OpenSciEd is an American nonprofit organization that creates open source science education materials and curricula for all grades, initially focusing on grades 6-8. OpenSciEd's approach is based on a science storyline, where students build upon their understanding of a topic by asking questions and investigating their answers through various activities. It has been adopted by 10 states. All materials are reviewed by and follow Next Generation Science Standards.

Participating States 
OpenSciEd has been adopted by California, Iowa, Louisiana, Massachusetts, Michigan, New Jersey, New Mexico, Oklahoma, Rhode Island, and Washington.

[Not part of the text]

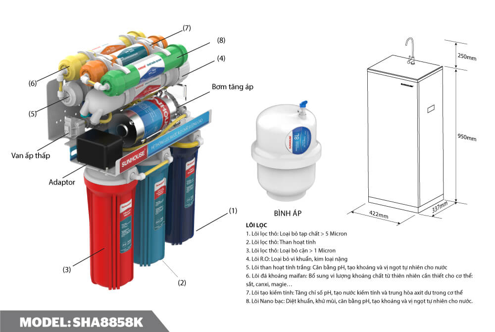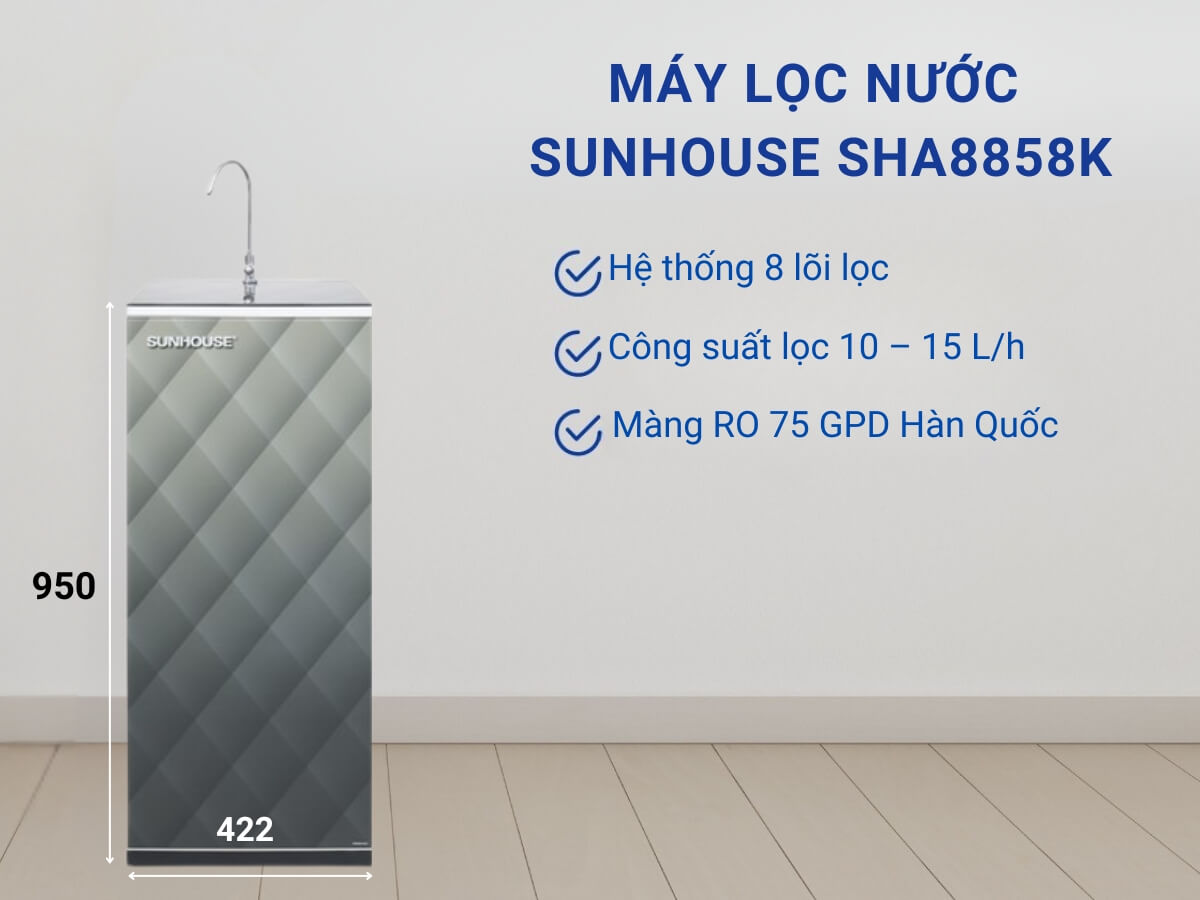 Máy lọc nước Sunhouse SHA8858K thiết kế tủ đứng sang trọng, công nghệ lọc RO với màng lọc RO 75 GPD Hàn Quốc cho công suất lọc 10 – 15 L/h, đáp ứng đầy đủ nhu cầu nước sạch cho gia đình. Hệ thống 8 lõi lọc, mang đến nguồn nước lọc tinh khiết, đảm bảo an toàn sức khoẻ, có thể uống trực tiếp mà không cần đun nấu lại.

However, because of the difficulty in switching from traditional education, not all districts in states which adopted the new standards use OpenSciEd.

Funding 
OpenSciEd funders include the Bill and Melinda Gates Foundation, the Carnegie Corporation of New York, the Charles and Lynn Schusterman Family Foundation and the William and Flora Hewlett Foundation.

Approach to Education 

According to OpenSciEd, traditional education frequently only pays attention to the point of view of experts, and doesn't consider how students view what they are learning. Because of this, many students don't understand why they are learning what they are, and don't connect the various concepts together. OpenSciEd attempts to solve this by creating a science storyline, where questions of phenomena lead to investigations, which link together to give students a good understanding of the topic.